Exclude the pictures and repeat all of the data exactly.

## INPUT DATA
--- --- ---

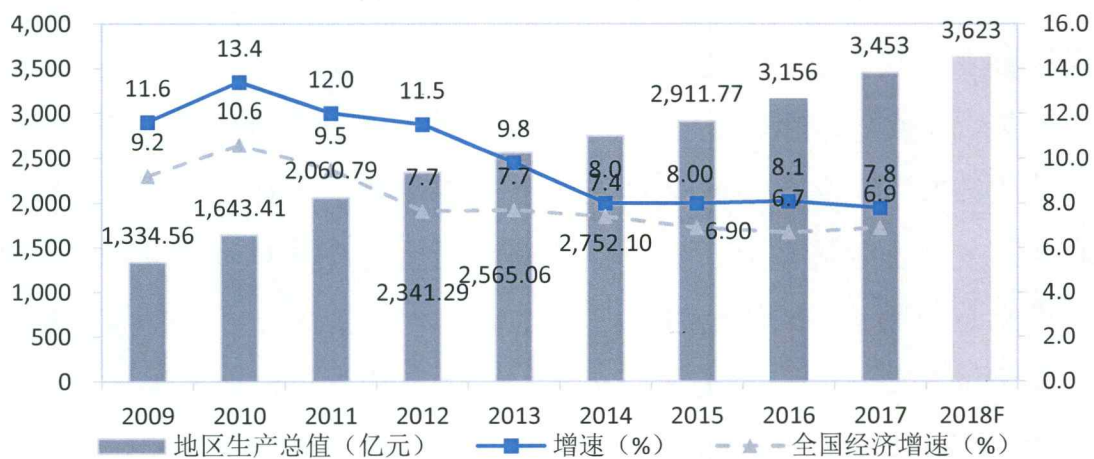
图 1 宁夏地区生产总值及增速
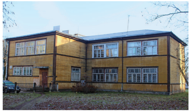
6 paveikslas. Buvusios 4-osios pradinės mokyklos pastatas Nevėžio g., 2017 m.

Pastato raiškoje atsiskyta iki tol Panevėžio mokyklų architektūroje dominavusių istorinių architektūrinių formų detalių. Tą išreiškia supaprastinta, mažai stilistinių bruožų turinti architektūra. Be to, atsiskaidoma iki tol miesto švietimų įstaigose dominavusios simetrinės plano kompozicijos su centriniu įėjimu. Šio pastato planas yra netaisyklingos „L“ raidės formos su kampe įkomponuotu įėjimu. Kita savybė, iliustruojanti nutolimą nuo tradicijos, yra akivaizdi langų kompozicijoje – dviejų aukštų pastato išorę skaido suporintos plačios langų ertmės, tik su nedideliais kontrastingų spalvų intarpais skaidančios beveik ištisą tūrį.
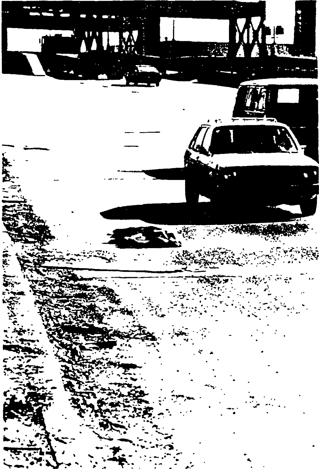
FIGURA 10-2 DESECHOS EN LA VIA
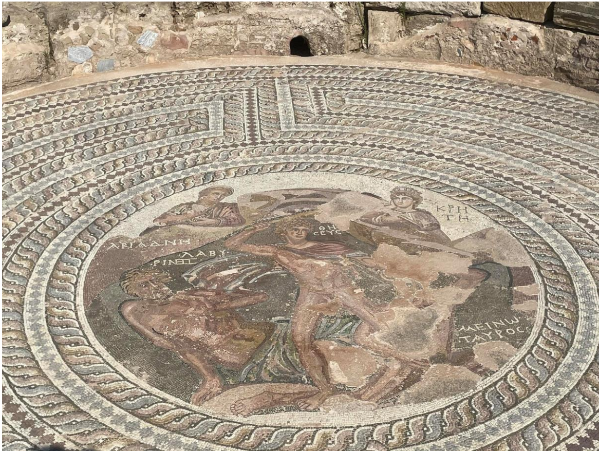
Na zdjęciu widać mozaikę w ramach zdobień domu Tezeusza.
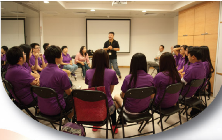
圖三：澳門基督教新生命團契SY部落 社工向學員介紹澳門的禁毒外展工作
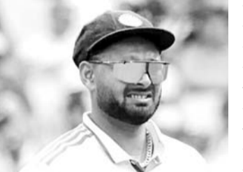
भारत के दोनों खिलाड़ियों को शेष सत्र के लिए दिल्ली के संभावित खिलाड़ियों की सूची में शामिल किया है। पंत ने अगले
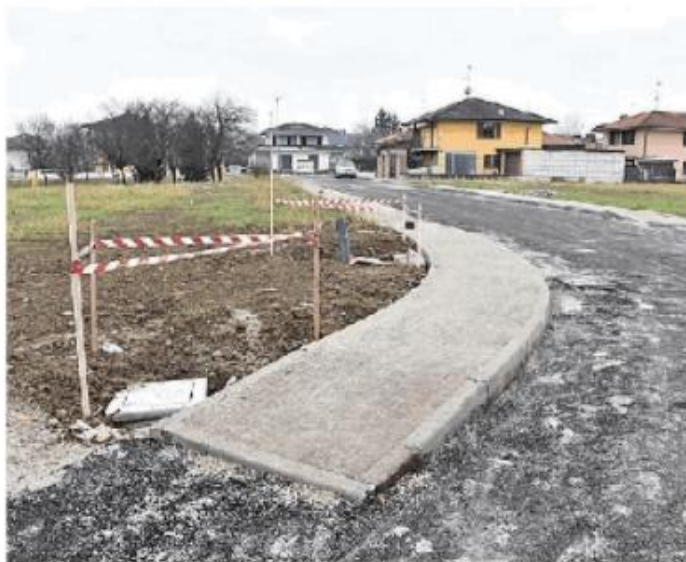
La zona di via Maestro Pietro Rossi

Le case le hanno costruite in via Maestro Pietro Rossi e in via Don Lorenzo Milani, a Voghera nel 2016. Il resto no: a volte mancano le fognature, i parcheggi, persino alcune strade di accesso, l'illuminazione. E chi aveva acquistato gli appartamenti – che fossero in case bi-familiari o in piccoli condomini – lo aveva fatto anche sulla scorta, come dire, di quello che c'era intorno. O ci sarebbe stato. E invece... Invece, per ragioni che qui non interessano, i costruttori non avevano completato le opere: o meglio, avevano sì realizzato le abitazioni ma non le necessarie, e obbligatorie, urbanizzazioni. Dopo diversi anni, almeno un paio, e diversi contatti con l'amministrazione comunale (perché le opere di urbanizzazione sono fatte "per conto" del Comune), la giunta Barbieri, su parere degli uffici, ha deciso di incassare (tecnicamente: escutere) le fidejussioni delle società, ossia, per capirci, le garanzie finanziarie presso le banche. E con quei soldi, poco meno di 350mila euro, realizzare le sopra citate opere di urbanizzazione. La giunta Garlaschelli, proprio in queste ultime settimane, ha provveduto ad approvare i progetti esecutivi che permetteran-
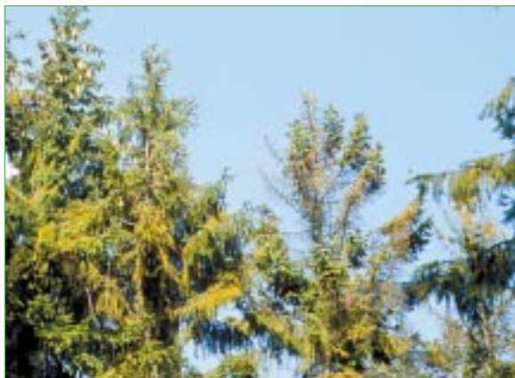
Abbildung 4: Neuartige Waldschäden im Böhmerwald: Nadelvergilbung infolge Magnesiummangel, Triebsterben durch Pilzbefall

Auftreten von unterschiedlichen Schadursachen erschwert eine eindeutige Zuordnung.
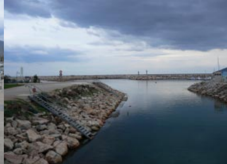
Haven van Argelès-Plage.

Tenslotte rijden we vandaag naar Argelès-Plage. Eerst kijken we in het noorden van Argelès op het strand. Weer geen schelpen. We staan even op een pleintje bij gesloten horecabedrijfjes. Op de parkeerplaats staan alleen maar twee sloopwagens. Daar hoef ik niet bij te staan. Maar later vinden we een schitterende plek voor de nacht aan de haven in het zuiden van de stad. Dat zoeken werd bemoeilijkt door opnieuw opgebroken straten. Onderhoud wordt hier uiteraard buiten het seizoen gedaan. Verder is vrijwel alles hermetisch tegen campers gebarricadeerd. Dikwijls zelfs met de gehate 2,2 m hoge balken.
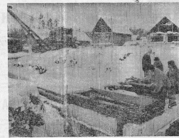
«ИНДИЯ». г. Козинск.
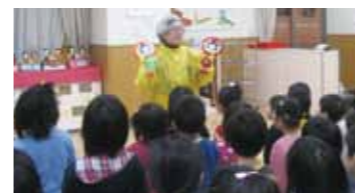
平成23年3月の啓発活動

法務局の相談所に直接お越しになれない地域住民の方々に心配事や困りごとの相談業務を人權擁護委員や弁護士の方々が無料で行います。当日は啓発活動としてマスコットキャラクターの人KENまもる君とあゆみちゃんによる子ども園での交流も予定されております。
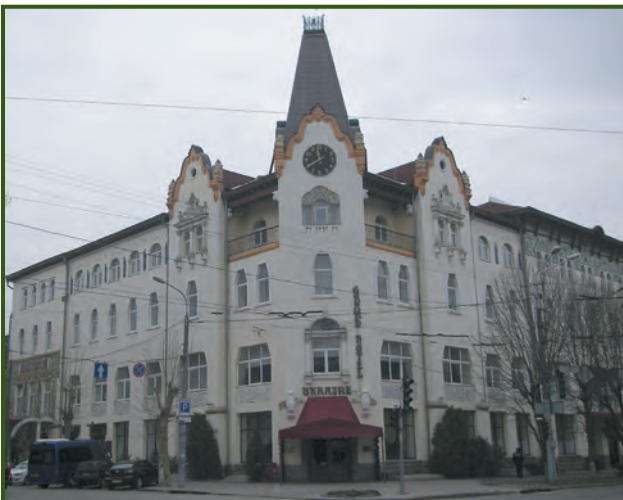
Місто Дніпро. Український будинок Хрінникова. Нині — готель Ukraine. Сучасне фото
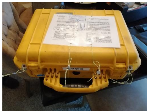
Primer zapečatenne prenosne rentgenske naprave
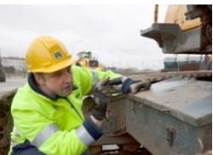
Maskinprovning och Besiktning

--- --- ---

## RESULT OF THIS EXERCISE
图 1 宁夏地区生产总值及增速
6 paveikslas. Buvusios 4-osios pradinės mokyklos pastatas Nevėžio g., 2017 m.

Pastato raiškoje atsiskyta iki tol Panevėžio mokyklų architektūroje dominavusių istorinių architektūrinių formų detalių. Tą išreiškia supaprastinta, mažai stilistinių bruožų turinti architektūra. Be to, atsiskaidoma iki tol miesto švietimų įstaigose dominavusios simetrinės plano kompozicijos su centriniu įėjimu. Šio pastato planas yra netaisyklingos „L“ raidės formos su kampe įkomponuotu įėjimu. Kita savybė, iliustruojanti nutolimą nuo tradicijos, yra akivaizdi langų kompozicijoje – dviejų aukštų pastato išorę skaido suporintos plačios langų ertmės, tik su nedideliais kontrastingų spalvų intarpais skaidančios beveik ištisą tūrį.
FIGURA 10-2 DESECHOS EN LA VIA
Na zdjęciu widać mozaikę w ramach zdobień domu Tezeusza.
圖三：澳門基督教新生命團契SY部落 社工向學員介紹澳門的禁毒外展工作
भारत के दोनों खिलाड़ियों को शेष सत्र के लिए दिल्ली के संभावित खिलाड़ियों की सूची में शामिल किया है। पंत ने अगले
La zona di via Maestro Pietro Rossi

Le case le hanno costruite in via Maestro Pietro Rossi e in via Don Lorenzo Milani, a Voghera nel 2016. Il resto no: a volte mancano le fognature, i parcheggi, persino alcune strade di accesso, l'illuminazione. E chi aveva acquistato gli appartamenti – che fossero in case bi-familiari o in piccoli condomini – lo aveva fatto anche sulla scorta, come dire, di quello che c'era intorno. O ci sarebbe stato. E invece... Invece, per ragioni che qui non interessano, i costruttori non avevano completato le opere: o meglio, avevano sì realizzato le abitazioni ma non le necessarie, e obbligatorie, urbanizzazioni. Dopo diversi anni, almeno un paio, e diversi contatti con l'amministrazione comunale (perché le opere di urbanizzazione sono fatte "per conto" del Comune), la giunta Barbieri, su parere degli uffici, ha deciso di incassare (tecnicamente: escutere) le fidejussioni delle società, ossia, per capirci, le garanzie finanziarie presso le banche. E con quei soldi, poco meno di 350mila euro, realizzare le sopra citate opere di urbanizzazione. La giunta Garlaschelli, proprio in queste ultime settimane, ha provveduto ad approvare i progetti esecutivi che permetteran-
Abbildung 4: Neuartige Waldschäden im Böhmerwald: Nadelvergilbung infolge Magnesiummangel, Triebsterben durch Pilzbefall

Auftreten von unterschiedlichen Schadursachen erschwert eine eindeutige Zuordnung.
Haven van Argelès-Plage.

Tenslotte rijden we vandaag naar Argelès-Plage. Eerst kijken we in het noorden van Argelès op het strand. Weer geen schelpen. We staan even op een pleintje bij gesloten horecabedrijfjes. Op de parkeerplaats staan alleen maar twee sloopwagens. Daar hoef ik niet bij te staan. Maar later vinden we een schitterende plek voor de nacht aan de haven in het zuiden van de stad. Dat zoeken werd bemoeilijkt door opnieuw opgebroken straten. Onderhoud wordt hier uiteraard buiten het seizoen gedaan. Verder is vrijwel alles hermetisch tegen campers gebarricadeerd. Dikwijls zelfs met de gehate 2,2 m hoge balken.
«ИНДИЯ». г. Козинск.
平成23年3月の啓発活動

法務局の相談所に直接お越しになれない地域住民の方々に心配事や困りごとの相談業務を人權擁護委員や弁護士の方々が無料で行います。当日は啓発活動としてマスコットキャラクターの人KENまもる君とあゆみちゃんによる子ども園での交流も予定されております。
Місто Дніпро. Український будинок Хрінникова. Нині — готель Ukraine. Сучасне фото
Primer zapečatenne prenosne rentgenske naprave
Maskinprovning och Besiktning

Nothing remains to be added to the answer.